Several studies have shown improved diabetes and pregnancy outcomes when care has been delivered from preconception through pregnancy by a multidisciplinary group focused on improved glycemic control (24–27). One study showed that care of preexisting diabetes in clinics that included diabetes and obstetric specialists improved care (27). However, there is no consensus on the structure of multidisciplinary team care for diabetes and pregnancy, and there is a lack of evidence on the impact on outcomes of various methods of health care delivery (28).

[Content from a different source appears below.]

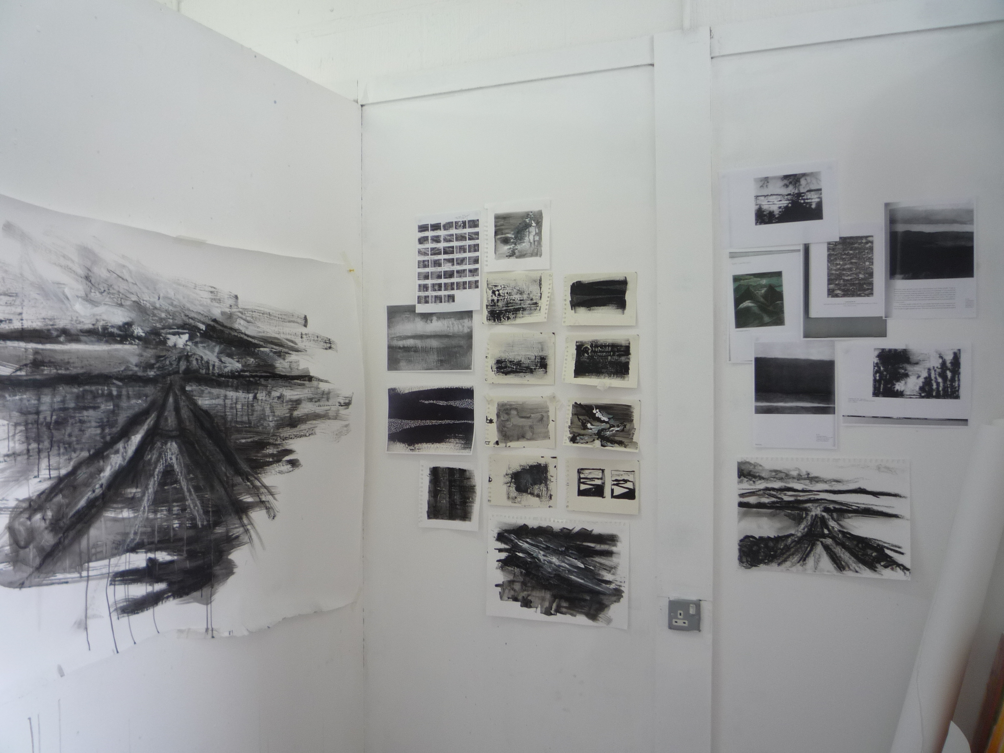 Virtue’s work is purely black and white as well. In first year I came across him and at the time I was painting colourful landscapes using oil and white spirit. So my work was incredibly liquid based – I was even dabbling in egg tempura. Upon discovering Virtue’s work I decided to remove all colour from mine; something I had never done before. And something I will never do again! It really did feel limiting. Yet at the same time it was incredibly refreshing as it forced me to use far more imagination, particularly in the textural sense. I used pins to poke holes in my paper, impasto paste mixed into my paint, allowed my liquids to become far more volatile and fluid. It was however quite a struggle, especially when you look at how stark and colourless my studio became (see below).

Glycemic Targets in Pregnancy
Recommendations
14.7 Fasting and postprandial self-monitoring of blood glucose are recommended in both gestational diabetes mellitus and preexisting diabetes in pregnancy to achieve optimal glucose levels. Glucose targets are fasting plasma glucose <95 mg/dL (5.3 mmol/L) and either 1-h postprandial glucose <140 mg/dL (7.8 mmol/L) or 2-h postprandial glucose <120 mg/dL (6.7 mmol/L). Some women with preexisting diabetes should also test blood glucose preprandially. B
14.8 Due to increased red blood cell turnover, A1C is slightly lower in normal pregnancy than in normal nonpregnant women. Ideally, the A1C target in pregnancy is <6% (42 mmol/mol) if this can be achieved without significant hypoglycemia, but the target may be relaxed to <7% (53 mmol/mol) if necessary to prevent hypoglycemia. B
14.9 When used in addition to pre- and postprandial self-monitoring of blood glucose, continuous glucose monitoring can help to achieve A1C targets in diabetes and pregnancy. B
14.10 When used in addition to self-monitoring of blood glucose targeting traditional pre- and postprandial targets, continuous glucose monitoring can reduce macrosomia and neonatal hypoglycemia in pregnancy complicated by type 1 diabetes. B
14.11 Continuous glucose monitoring metrics may be used as an adjunct but should not be used as a substitute for self-monitoring of blood glucose to achieve optimal pre- and postprandial glycemic targets. E
14.12 Commonly used estimated A1C and glucose management indicator calculations should not be used in pregnancy as estimates of A1C. C
Pregnancy in women with normal glucose metabolism is characterized by fasting levels of blood glucose that are lower than in the nonpregnant state due to insulin-independent glucose uptake by the fetus and placenta and by mild postprandial hyperglycemia and carbohydrate intolerance as a result of diabetogenic placental hormones. In patients with preexisting diabetes, glycemic targets are usually achieved through a combination of insulin administration and medical nutrition therapy. Because glycemic targets in pregnancy are stricter than in nonpregnant individuals, it is important that women with diabetes eat consistent amounts of carbohydrates to match with insulin dosage and to avoid hyperglycemia or hypoglycemia. Referral to an RD/RDN is important in order to establish a food plan and insulin-to-carbohydrate ratio and to determine weight gain goals.
Insulin Physiology
Given that early pregnancy is a time of enhanced insulin sensitivity and lower glucose levels, many women with type 1 diabetes will have lower insulin requirements and increased risk for hypoglycemia (29). Around 16 weeks, insulin resistance begins to increase, and total daily insulin doses increase linearly ∼5% per week through week 36. This usually results in a doubling of daily insulin dose compared with the prepregnancy requirement. The insulin requirement levels off toward the end of the third trimester with placental aging. A rapid reduction in insulin requirements can indicate the development of placental insufficiency (30). In women with normal pancreatic function, insulin production is sufficient to meet the challenge of this physiological insulin resistance and to maintain normal glucose levels. However, in women with diabetes, hyperglycemia occurs if treatment is not adjusted appropriately.
Glucose Monitoring
Reflecting this physiology, fasting and postprandial monitoring of blood glucose is recommended to achieve metabolic control in pregnant women with diabetes. Preprandial testing is also recommended when using insulin pumps or basal-bolus therapy so that premeal rapid-acting insulin dosage can be adjusted. Postprandial monitoring is associated with better glycemic control and lower risk of preeclampsia (31–33). There are no adequately powered randomized trials comparing different fasting and postmeal glycemic targets in diabetes in pregnancy.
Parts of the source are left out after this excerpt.